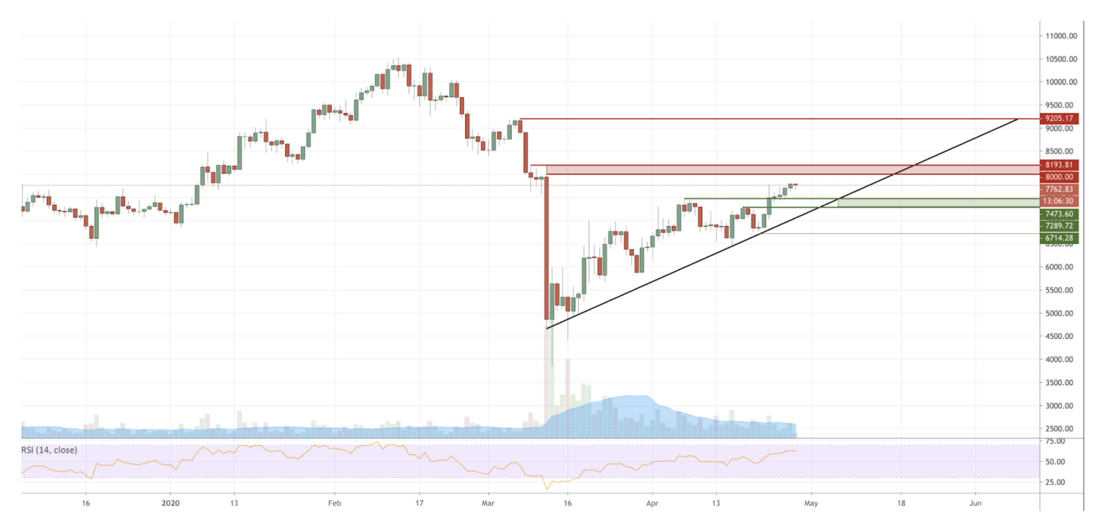 After a retrace down to $6,700, Bitcoin rebounded strongly to the $7,800 mark, comfortably breaking through the April high resistance of $7,500. This most recent move to the upside further consolidates the upward momentum that has been building since mid-March.
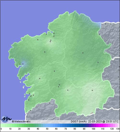 | 22-03-2023 | | | Máx. | Mín. | | | Temperatura | 15,4 | 11,6 | °C | | Humedad | 89 | 77 | % | | Viento | 50 | n/a | km/h | | Presión | 1.017 | 1.011 | hPa | | Precipitación | 0,0 | mm |
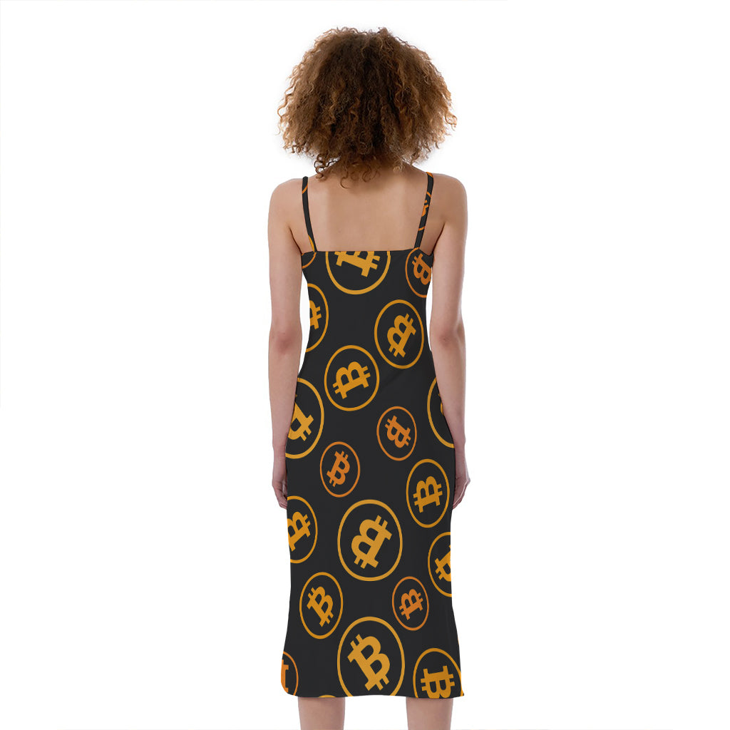 Bitcoin Cryptocurrency Pattern Print Slim Fit Midi Cami Dress
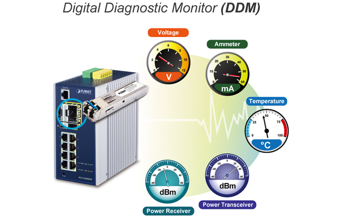 The IGS-12040MT supports SFP-DDM (Digital Diagnostic Monitor) function that greatly helps network administrator to easily monitor real-time parameters of the SFP, such as optical output power, optical input power, temperature, laser bias current, and transceiver supply voltage.
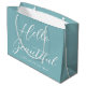 Personalized gift bags add an extra touch of luxury to any gift. This stylish design features "Hello Beautiful" in brush script typography, and can be customized with the recipient's name and a "Happy Valentine's Day" message. A versatile template that can be adapted for a birthday, bridal shower, bachelorette party, Galentine's Day, and other special occasions. Its simple, elegant design is a unique addition to your gift wrap, and a lovely choice for a girlfriend, wife, partner, daughter, or best friend. Available in either a matte or glossy finish. Printed colors: blue, blue-green turquoise and white, or customize the colors with the design tool.

___

What is needed is an exact copy of each line from the top of the data above through the line containing "Bitcoin Cryptocurrency Pattern", with no pictures.

 After a retrace down to $6,700, Bitcoin rebounded strongly to the $7,800 mark, comfortably breaking through the April high resistance of $7,500. This most recent move to the upside further consolidates the upward momentum that has been building since mid-March.
 | 22-03-2023 | | | Máx. | Mín. | | | Temperatura | 15,4 | 11,6 | °C | | Humedad | 89 | 77 | % | | Viento | 50 | n/a | km/h | | Presión | 1.017 | 1.011 | hPa | | Precipitación | 0,0 | mm |
 Bitcoin Cryptocurrency Pattern Print Slim Fit Midi Cami Dress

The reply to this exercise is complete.